Background: Achieving equity in access to care is a priority at both national and provincial levels in Canada to address health disparities. However, equitable access remains a challenge due to significantly higher rheumatoid arthritis (RA) prevalence in vast rural areas, whereas the RA care providers are primarily concentrated in the two largest cities. Rural-urban disparities in access may be partially attributed to geographic barriers. It is important to measure travel burden of people with RA for developing targeted interventions and policies to mitigate identified geographic barriers and informing equitable access to health care.

Methods: A cross-sectional study was conducted between April 1, 2019 and March 31, 2020 for people with RA in Alberta, Canada. RA cohort was identified using a validated RA case definition based on administrative health data. Travel time between patients' postal codes and providers' clinic postal codes was calculated using network analysis. Median travel time was reported at geographic area level. Wilcoxon Rank Sum Test was applied to test the statistical significance between rural-urban categories. The distance decay effect of travel time on health care utilizaton was modelled using a reverse cumulative probability approach.

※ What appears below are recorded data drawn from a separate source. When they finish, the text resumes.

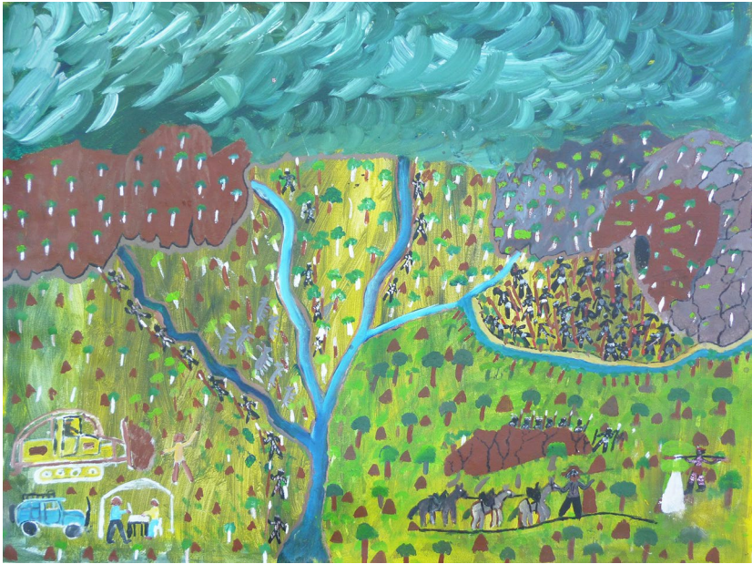
Fig. 9.5 Same story, settlers-miners , Jacky Green, 2013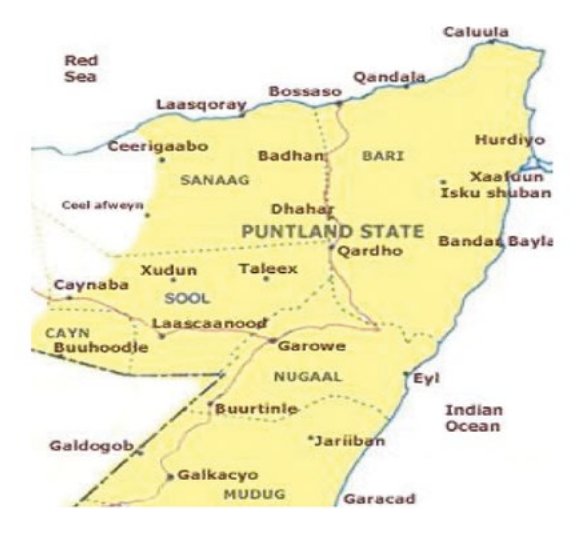
Map of Puntland and parts of Somaliland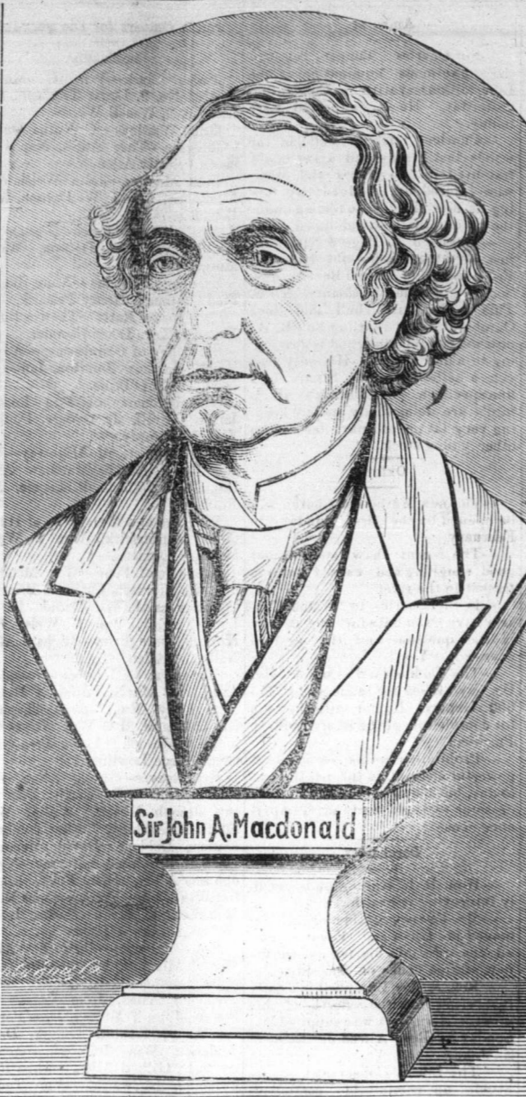
Sir John A. Macdonald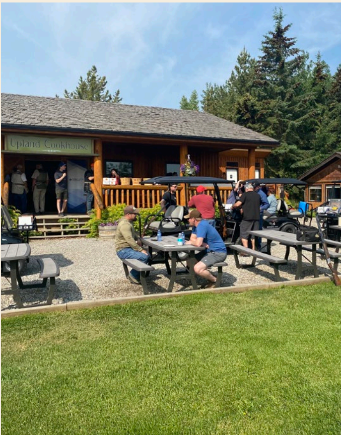
Safety rules are part of the protocol.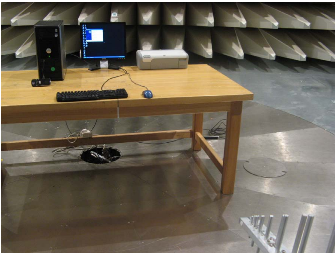
Picture 1 Radiated emission 15B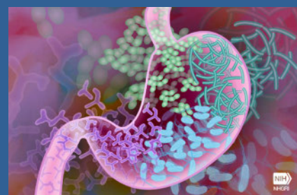
ON THE COVER: Bacterial strains in the guts of humans and chimpanzees diverged and began to evolve separately 5 million years ago, and 15 million years ago in humans and gorillas. Humans and apes evolved into a new species at about the same time. A mutually beneficial relationship between gut bacteria and animal hosts may contribute to formation of a new species.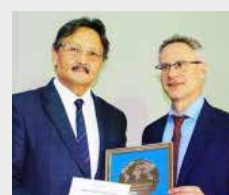
Language and Culture Westernization - Erden Kazhybek, Head of the Institute of Linguistics in Kazakhstan, one of the main developers of the Latin-Kazakh alphabet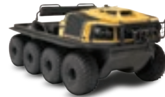
CONQUEST PRO 800 XT 8x8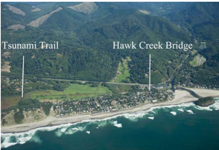
Neskowin Bridge and Trail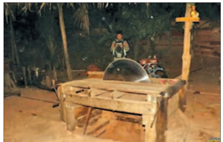
Illegal saw-machinery confiscated in Yinmabin.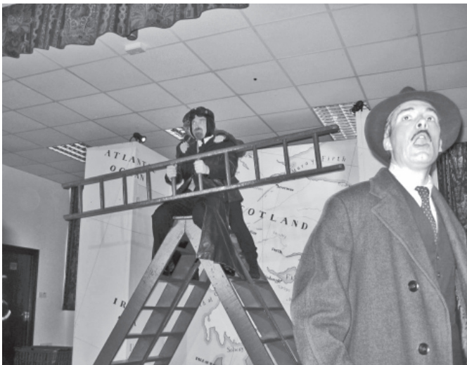
The hero and the villain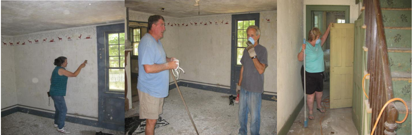
Clean up crew at work

In early July several Society members did an initial scraping of the walls and ceilings, cleaned out the fire closet in preparation for the fire alarm and security systems, swept out the house, and did a careful inventory of major repairs. We also collected and catalogued paint chips from each room. Our current plans are to try and paint each room in a color that closely matches the original paint color. Most rooms had plaster walls with several coats of paint.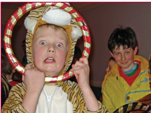
The Celtic Tiger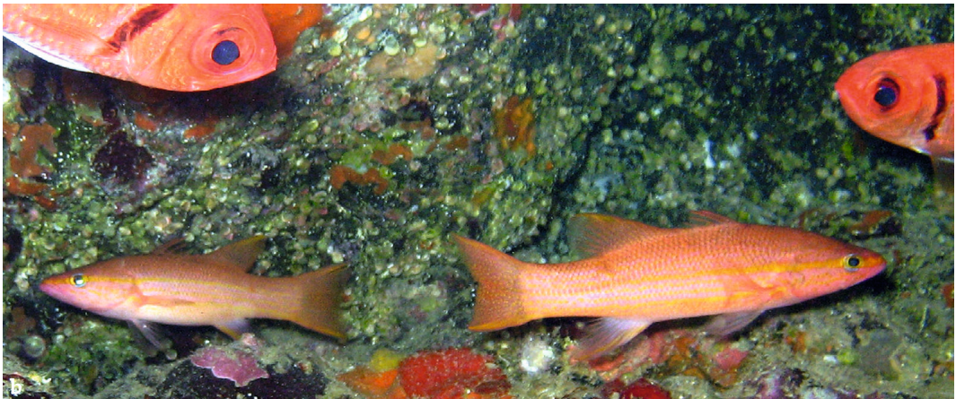
Fig. 2. Liopropoma emanueli spec. nov. in the natural habitat, near Tarrafal, Santiago Island. a. in small cave at 18 m depth; b. in small cave at 32 m depth (with soldierfish Myripristis jacobus Cuvier, 1829). The animal on the right is the paratype (ZSM 41222, 101.8 mm SL).

Kon, T., Yoshino, T. & Sakurai, Y. 1999. Liopropoma dorsoluteum sp. nov., a new serranid fish from Okinawa, Japan. Ichthyological Research 46(1): 67–71.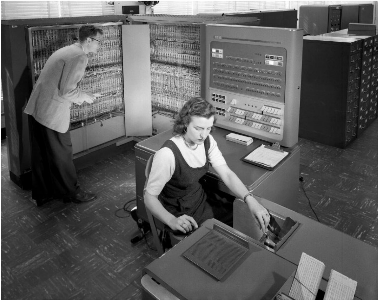
An IBM-704 computer in 1957.

At the end of the 1960s, a new site for the CNEN headquarters was chosen outside of the city center, in the area of Arcoveggio, where more existing buildings were available. In 1982, the CNEN became ENEA (Ente per Le Nuove Tecnologie e l'Ambiente), whose mission was to promote research in the field of alternative energy, new technologies and the environment. The ENEA is today a national institute with different branches across the national territory.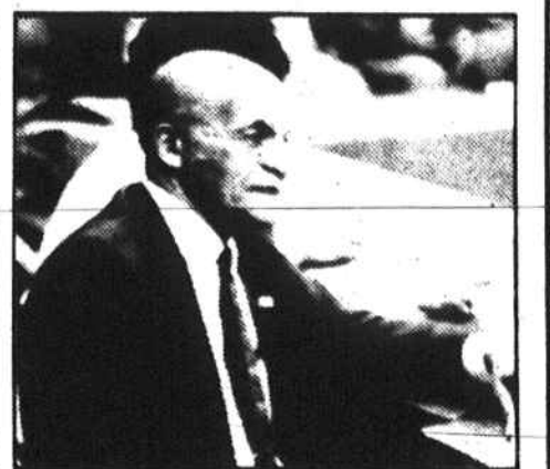
John B. McLendon Jr.

A host of honorees, including Clarence "Big House" Gaines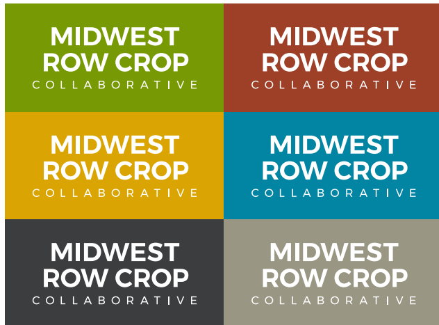
reverse logo treatments

To maximize contrast, on dark backgrounds, use the all white aka reverse version of the logo. When using it on top of a photograph, try to place it over the darkest part of the image and/or add a subtle drop shadow to the logo.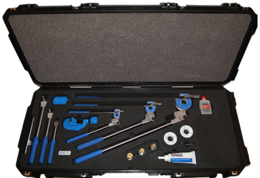
Tool Case large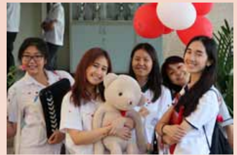
Love is in the air for these Senior students as they share the joy of giving.

It was late afternoon on Wednesday, February 12th, 2014 when Juniors hurry up to prepare for the much anticipated Valentine's Day at EIS.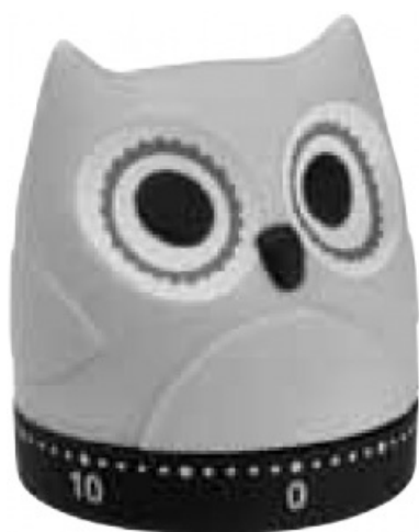
Kat. № 38.1039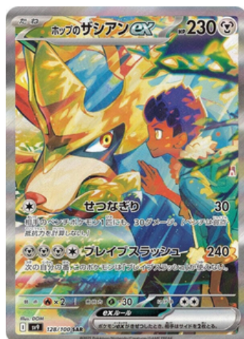
HOP'S ZACIAN EX バトルパートナーズ

Exciting news for Pokémon Trading Card Game fans! This month the Battle Partners set has officially launched in Japan, bringing a fresh wave of powerful cards, unique mechanics, and stunning artwork to the game.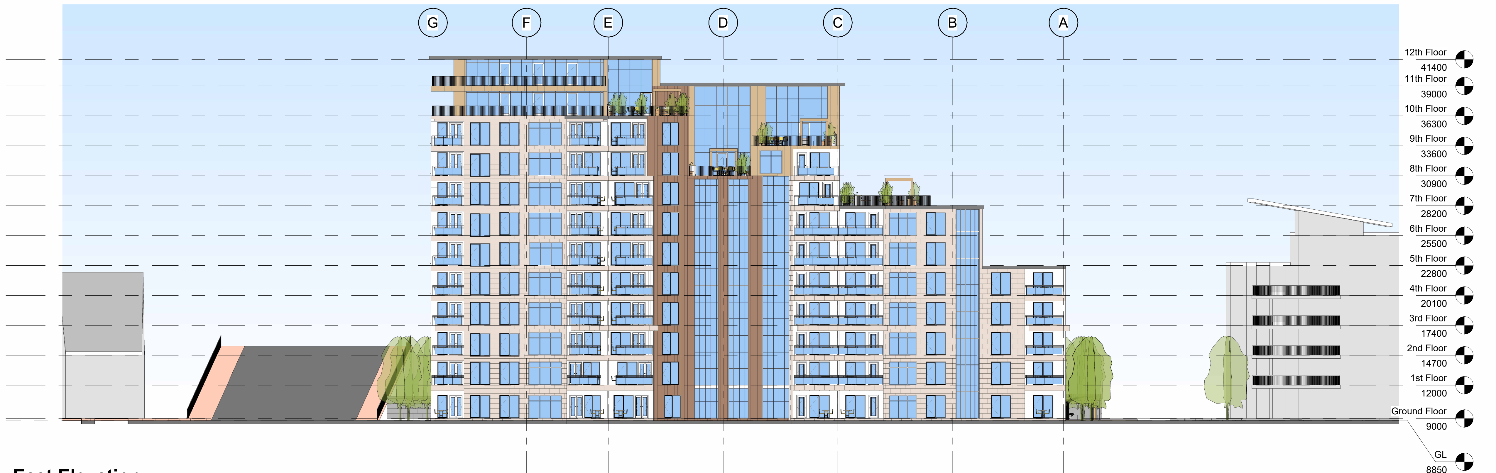
East Elevation 1 : 200

Results: RA patients took a median of 13 min (IQR: 5-28) to visit general practitioners (GPs) and 34 min (IQR: 21-51) to visit rheumatologists. There were significant rural-urban disparities in access to GP and rheumatology care. The results showed a 4-fold difference in GP travel time (remote areas:5 min, IQR 5-79; moderate metro:20 min, IQR 7-34) and 8.7-fold difference to rheumatologist visit (remote: 226 min, IQR 165-331; metro: 26 min, IQR 17-36) across the rural-urban continuum. Remote patients experienced the longest travel time to rheumatology care but the shortest median travel time to GP care. In remote areas, travel time showed the weakest impact on health care utilization compared to other rural-urban continuum.

Conclusions: Measuring the travel burden for people with RA to access care reveals patterns about the differences in how far patients travelled to seek RA care based on their residential geographic location. These findings will provide evidence to inform health care planning and address observed disparities towards the goal of achieving equitable care.

为公平获得医疗服务提供依据:关于类风湿关节炎患者前往基层医疗机构和风湿病医疗机构的旅行负担的横断面研究。
背景:在获得保健方面实现公平是加拿大国家和省一级解决保健差距的优先事项。然而,由于类风湿关节炎(RA)在广大农村地区的患病率明显较高,公平获取仍然是一个挑战,而类风湿关节炎护理提供者主要集中在两个最大的城市。城乡在获取方面的差异可能部分归因于地理障碍。衡量风湿性关节炎患者的旅行负担对于制定有针对性的干预措施和政策以减轻已确定的地理障碍并告知公平获得卫生保健非常重要。方法:在2019年4月1日至2020年3月31日期间,对加拿大阿尔伯塔省的RA患者进行了一项横断面研究。使用基于行政健康数据的有效RA病例定义确定RA队列。使用网络分析计算患者与提供者诊所邮编之间的旅行时间。旅行时间中位数按地理区域水平报告。采用Wilcoxon秩和检验检验城乡分类间的显著性。利用反向累积概率方法,建立了出行时间对医疗保健利用的距离衰减效应模型。结果:RA患者去看全科医生(gp)的平均时间为13分钟(IQR: 5-28),去看风湿病学家的平均时间为34分钟(IQR: 21-51)。在获得全科医生和风湿病护理方面存在显著的城乡差异。结果显示,两地GP出行时间相差4倍(偏远地区:5分钟,IQR 5-79;中度地铁:20分钟,IQR 7-34)和风湿病医生就诊的8.7倍差异(远程:226分钟,IQR 165-331;地铁:26分钟,IQR 17-36)跨越城乡连续体。偏远地区患者到风湿科就诊的路程最长,但到全科医生就诊的路程中值最短。在偏远地区,与其他城乡连续体相比,出行时间对医疗保健利用的影响最弱。结论:测量类风湿关节炎患者获得治疗的旅行负担揭示了基于居住地理位置的患者寻求类风湿关节炎治疗的路程差异模式。这些发现将为卫生保健规划提供证据,并解决为实现公平护理目标而观察到的差异。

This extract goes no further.